For DIC, the international investment arm of Dubai Holding, this is the fourth major strategic investment outside Dubai in recent months. 

The company invested $1 billion in DaimlerChrysler, making it the company's third largest shareholder, followed by the $1.5 billion acquisition of The Tussauds Group in the UK - the largest operator of visitor attractions in Europe. DIC has also launched Jordan Dubai Capital, a $280 million investment company targeting opportunities in the Jordanian economy. 

Sameer Al Ansari, CEO of DIC, said: 'There is a huge gap in the market for branded budget hotels, which we believe are essential to maintain the target visitor figures for the next 10 years in the Gulf. 

'Express by Holiday Inn is the largest budget hotel brand in the world, with proven results, and the launch in the Middle East will help fill the gap for affordable accommodation at guaranteed quality. 

'This move really reflects the development of tourism in the Gulf which, to date, has concentrated on iconic world-class projects. We have traced the rise and profile of inbound tourists and have identified that the time is right to tap into the three-star market which is flourishing around the world. 

'Further to this, this is an example of DIC widening its foreign portfolio while investing in long-term projects that will benefit both the UAE and the Gulf.' 

Yousef Al-Essa, general manager of Addax Investment Bank, said: 'This is the first deal of its kind, in terms of profile, regional spread and investors, encompassing the premier institutional and high-net worth investors from each of the five countries included in the deal. 

'In fact, the transaction met well with potential investors and was heavily over subscribed. 

'What makes the deal stand out is that this is the first time that investors throughout the Arabian Gulf countries have come together to develop a hotel fund in the Middle East with the objective of creating a chain of hotels under the same brand name across multiple countries. 

'In addition, the pace of the project is remarkable: the development of 20 hotels - from land negotiations through to completion - is across five countries simultaneously, and during a period of only five to seven years.' 

According to WTO figures, the Middle East will be the fastest-growing region by 2020, with estimated growth of 7.1 per cent per annum, and 69 million tourists. 37 per cent of these tourists are tipped to be intra-regional travellers, with 32 per cent coming from Europe. 

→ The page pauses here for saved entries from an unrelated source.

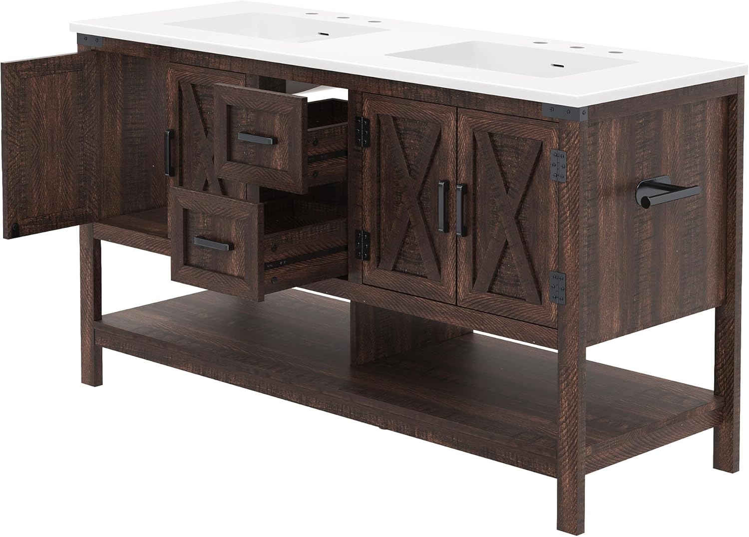 | Set Name | Rustic Brown Farmhouse Bathroom Vanity Set with Double Sink and Storage |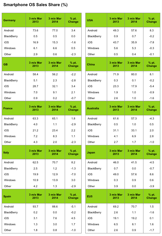 But “bounce back” and “strong performance” are relative terms: the margin between Android and iOS continues to widen, with Android at over 70% of sales in five of the markets surveyed by Kantar.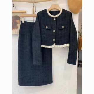여성 소향풍 세트 캐주얼 봄 가을 긴팔 트위드 자켓 + 하이웨이스트 H라인 롱 스커트 상하의 투피스 기질 소향풍 트위드 투피스 세트 MJS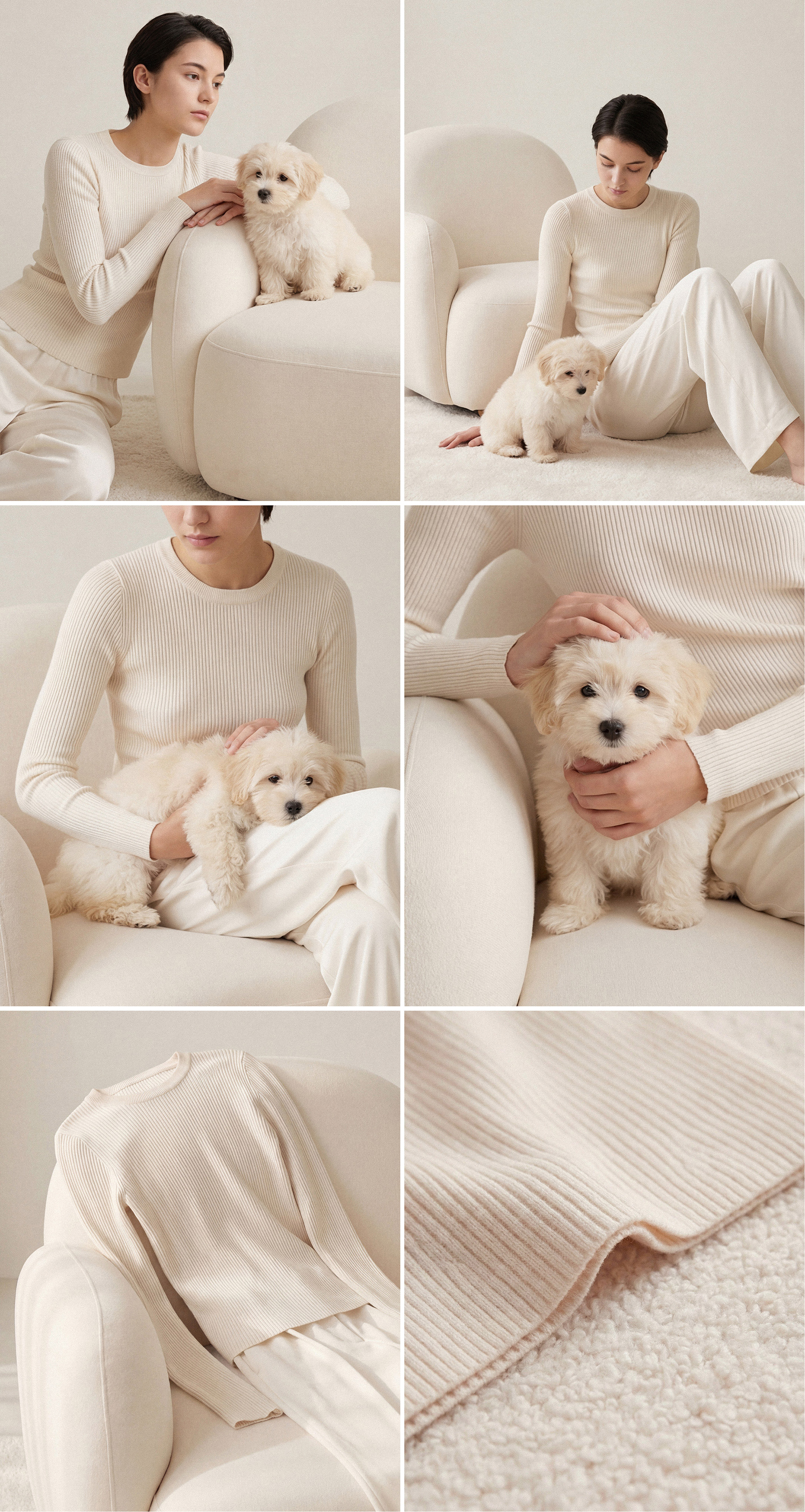 Soft Rest in Cream, Tone on Tone, and Warmth. 시선마저 따뜻하게 감싸는 크림 톤온톤. 니트와 강아지, 그리고 포근한 텍스처의 조화. 닿는 순간 느껴지는 온전한 평온함. 가장 부드러운 휴식의 순간을 담았습니다. 이 에디토리얼은 ‘휴식’을 감정적으로 설명하기보다, 시각적 요소만으로 전달할 수 있는지에 대한 질문에서 출발했습니다. 색의 대비를 최소화한 크림 톤온톤 안에서, 연출보다는 소재의 질감과 화면의 거리감에 집중하는 방식으로 접근했습니다. 니트, 패브릭 소파, 강아지의 털처럼 서로 다른 부드러움을 가진 요소들을 하나의 장면에 배치해 시선으로 촉감을 느끼는 경험을 만들고자 했습니다. 이를 통해 ‘힐링’을 직접적으로 말하지 않으면서도, 가장 부드러운 휴식의 한 순간이 자연스럽게 전달되길 의도했습니다.
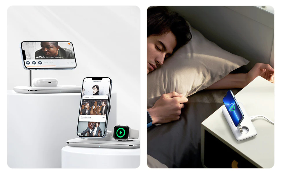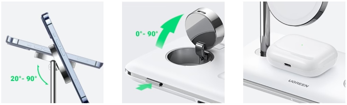 - Bộ sạc không dây từ tính cũng có thể hoạt động như một giá đỡ để giữ điện thoại và đồng hồ của bạn. Kiểm soát hoàn toàn góc nhìn, từ 20 đến 90 độ cho điện thoại và 0 đến 90 độ cho đồng hồ. Dù là hội nghị truyền hình, tìm kiếm thông tin, Định giờ khuôn mặt, xem video.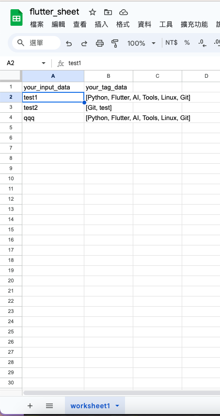 sheet_id是 Google Sheets 的 ID,用於確定要寫入的目標工作表。sheet_name是工作表的名稱。request是函數接收到的網絡請求對象,其中包含了從客戶端發送的參數。input是從請求中獲取的一個參數,它是要寫入表格的輸入值。tag是另一個從請求中獲取的參數,它是與輸入值相關的標簽。sheet.appendRow([input, tag])將輸入值和標簽寫入指定的工作表。ContentService.createTextOutput(input,tag)創建一個文本輸出,其中包含了輸入值和標簽。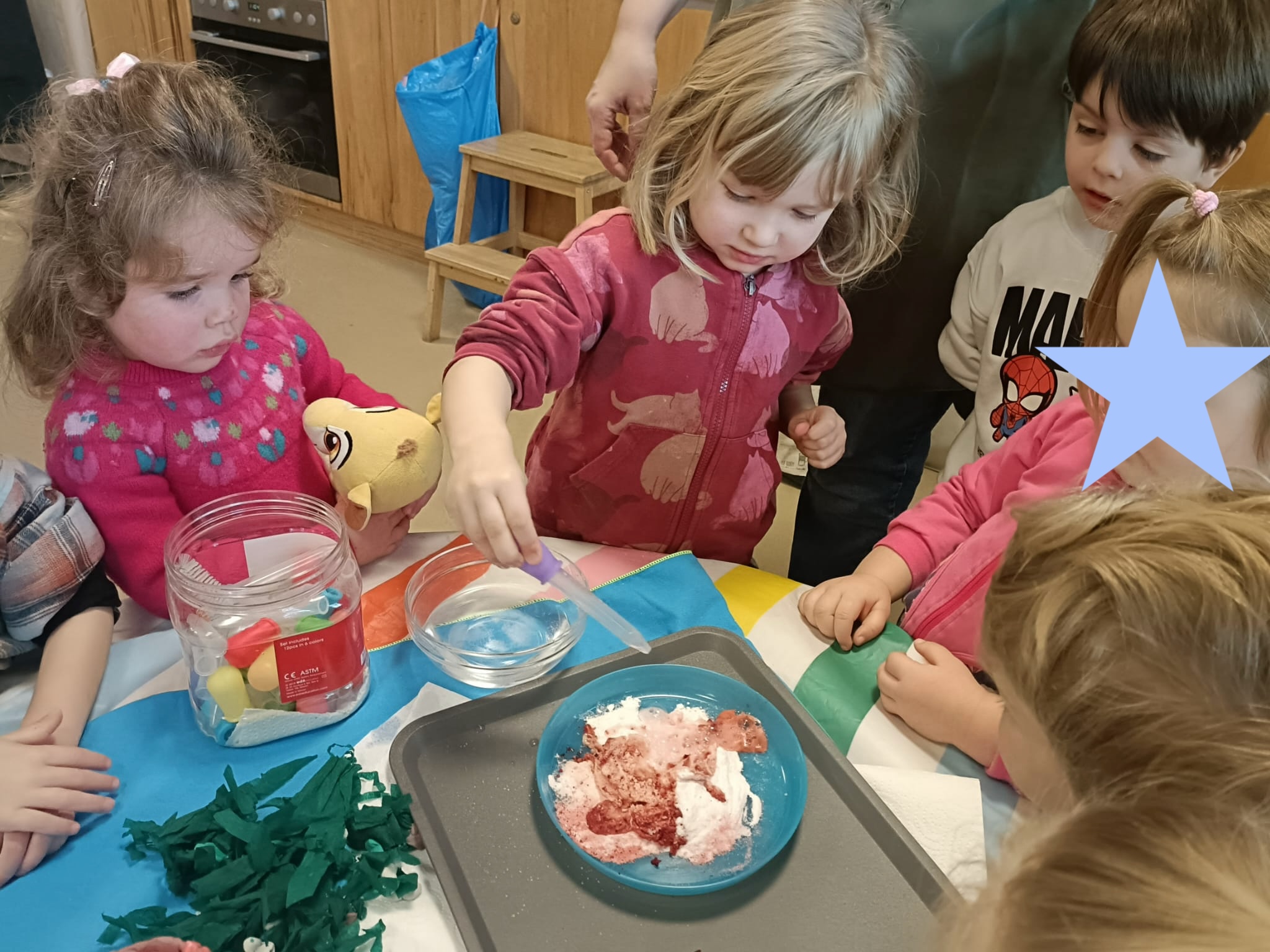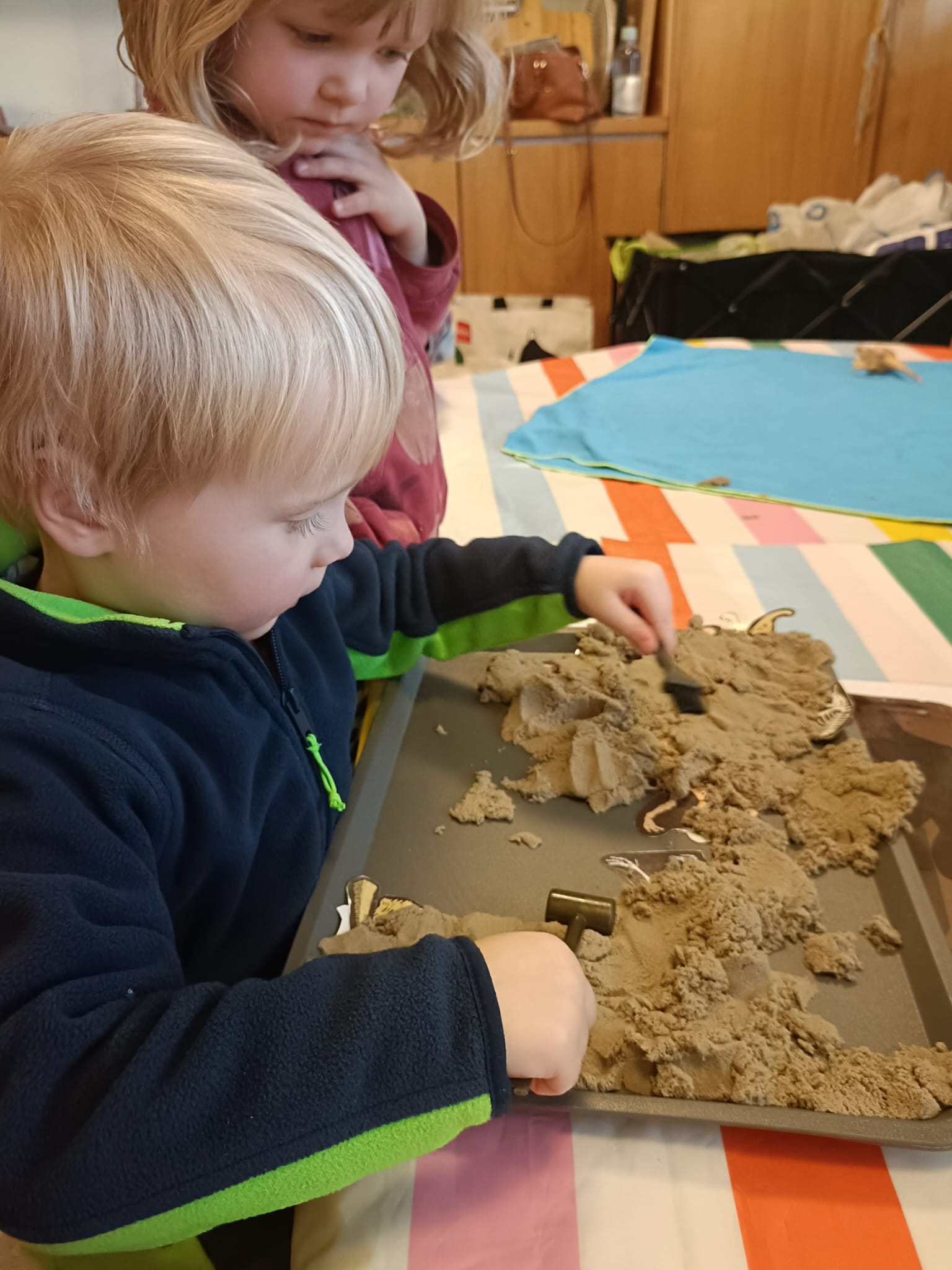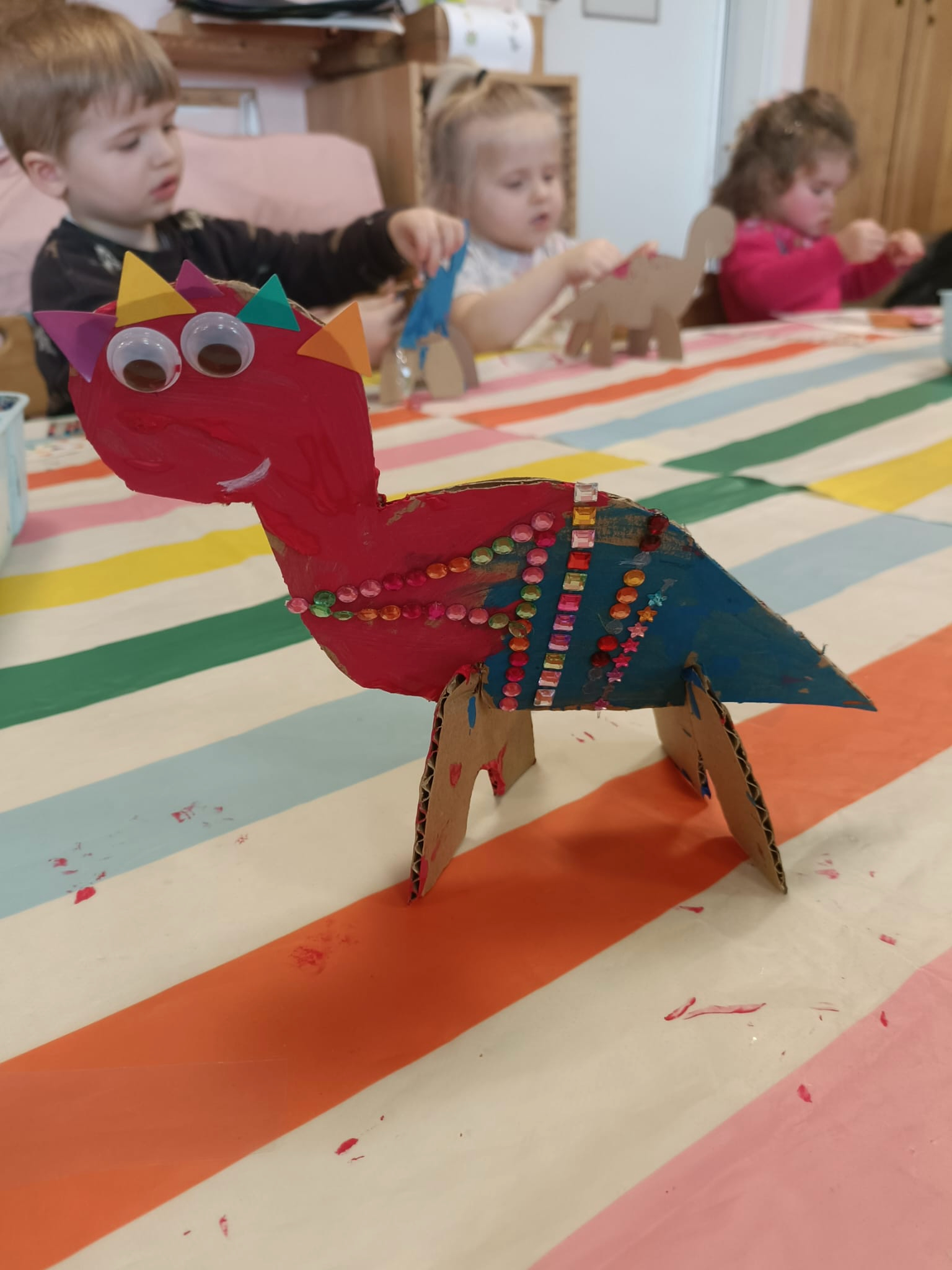 Na kolejnych zajęciach przenieśliśmy się w czasie, by poznać dinozaury. Bawiliśmy się w paleontologów, rozpoznawaliśmy kształty i nazywaliśmy dinozaury, dzieliliśmy je na mięso- i roślinożerne. Spore wrażenie zrobiły wybuchy wulkanu.

Thierry Loué, managing director of the operator HMS, said: 'Express by Holiday Inn is the world's most successful and profitable budget hotel brand with more than 1,500 hotels worldwide, and a new Express hotel opening every four days. 

'The move to market will be fast with the first hotels opening in Dubai at the end of 2006 and the rest of the hotels open by 2010. 

'In addition, from an operating point of view, this sector offers higher returns on investment than luxury properties, as a consequence of reduced investment and operating costs.' 

To address the identified regional market need for value hotel accommodation, particularly for business travel, the development of the Express by Holiday Inn brand will see properties located within commercial centres, along major road arteries and in around business and industrial parks. 

Chris Moloney, Chief Operating Officer, InterContinental Hotels Group, Middle East and Africa, explained: 'There is a need for this type of internationally branded three star hotels that provide quality service at value for money. 

'We have made a commitment to the GCC market and have the ability to respond to either owner's or customer's demands. This is why we looked for partners that really understood what the brand is about.'


----------



## smussuw (Feb 1, 2004)

at least 10 three stars hotels will be in Dubai, 3 in Abu Dhabi and one in Sharjah


----------



## dubaiflo (Jan 3, 2005)

good addition in low budget level.


----------